Task description ▸ A verbatim reproduction of the following listing is required; omit the pictures.

Dataset extract ▸
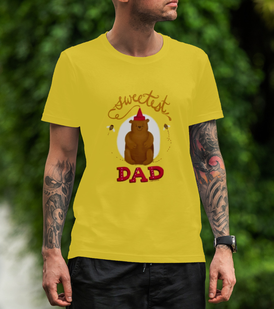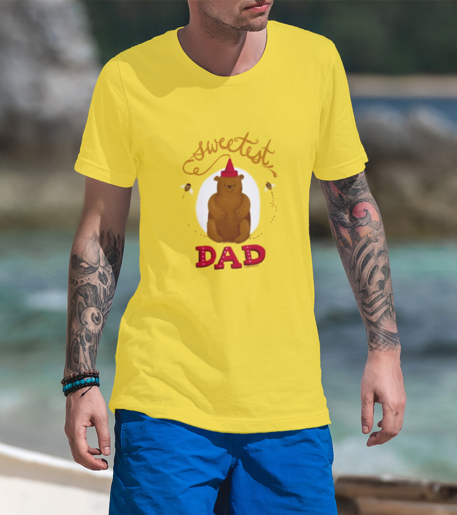 The Sweetest Dad Bear Fathers Day T-shirt is designed for everyday wear and a consistent fit. Fabric is pre-shrunk ring-spun cotton with durable stitching. See the size chart below for exact measurements.
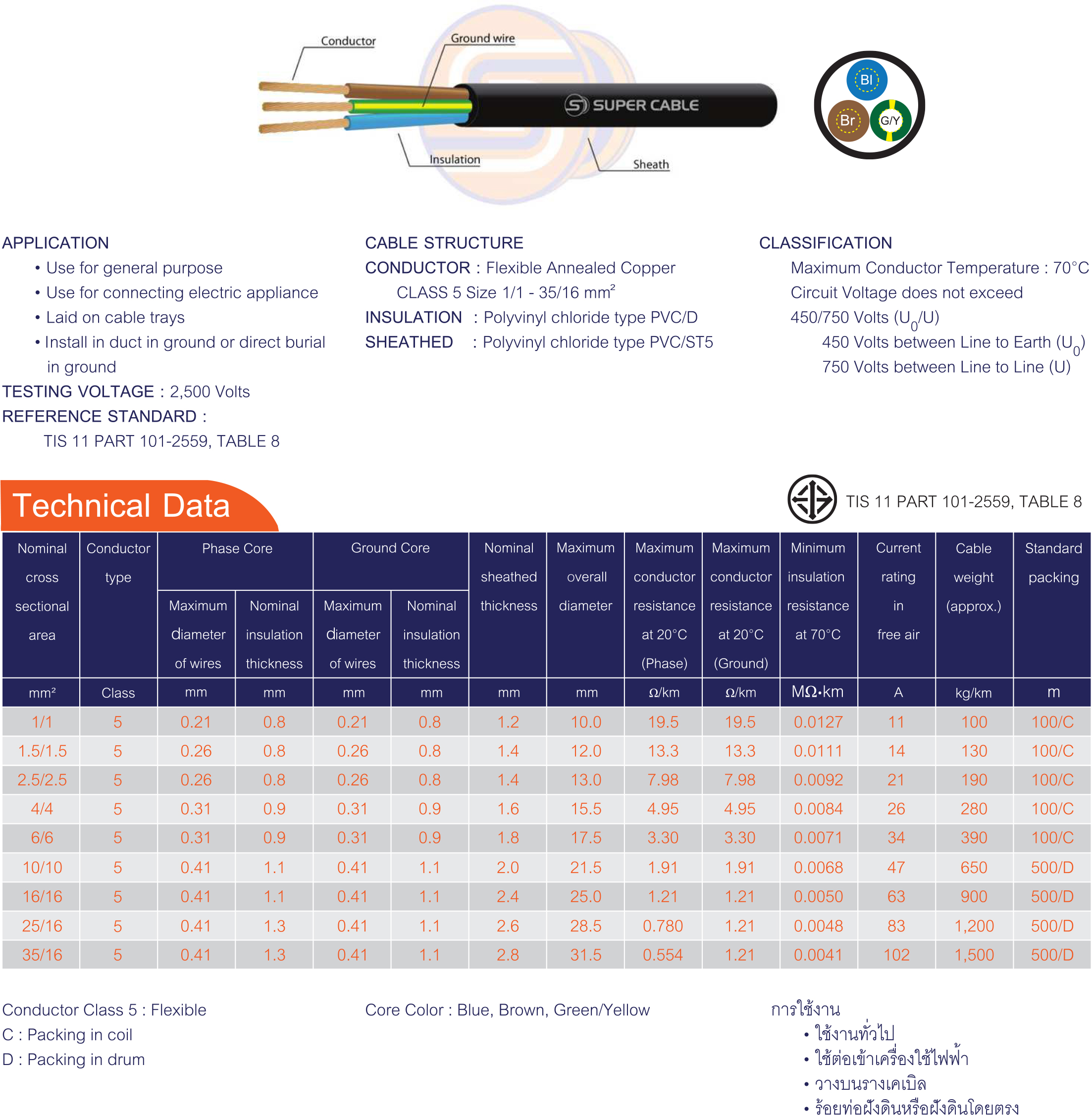 สายไฟชนิดตัวนำทองแดง/สายคอนโทรลและสายอ่อน | VCT-G 2 CORES
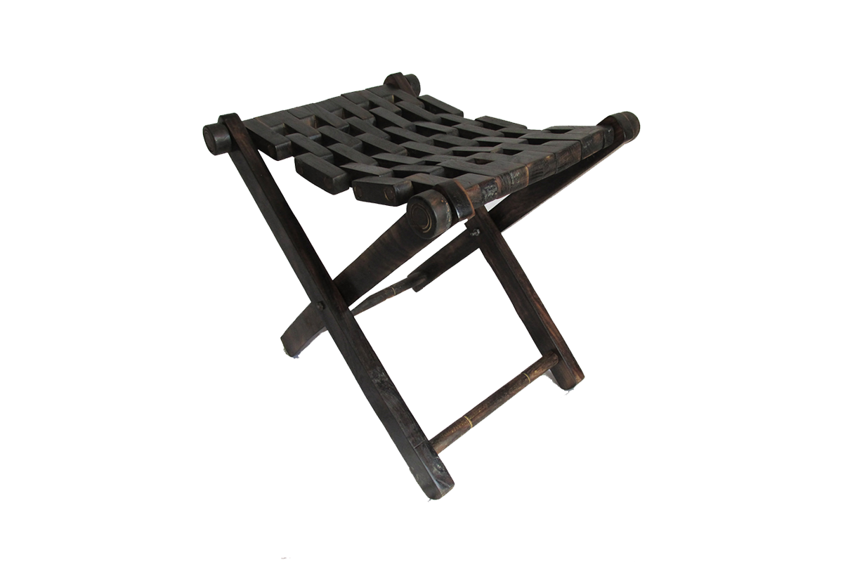 Solid wood folding stool handcrafted with wooden links.

Solution to this exercise ▸
 The Sweetest Dad Bear Fathers Day T-shirt is designed for everyday wear and a consistent fit. Fabric is pre-shrunk ring-spun cotton with durable stitching. See the size chart below for exact measurements.
 สายไฟชนิดตัวนำทองแดง/สายคอนโทรลและสายอ่อน | VCT-G 2 CORES
 Solid wood folding stool handcrafted with wooden links.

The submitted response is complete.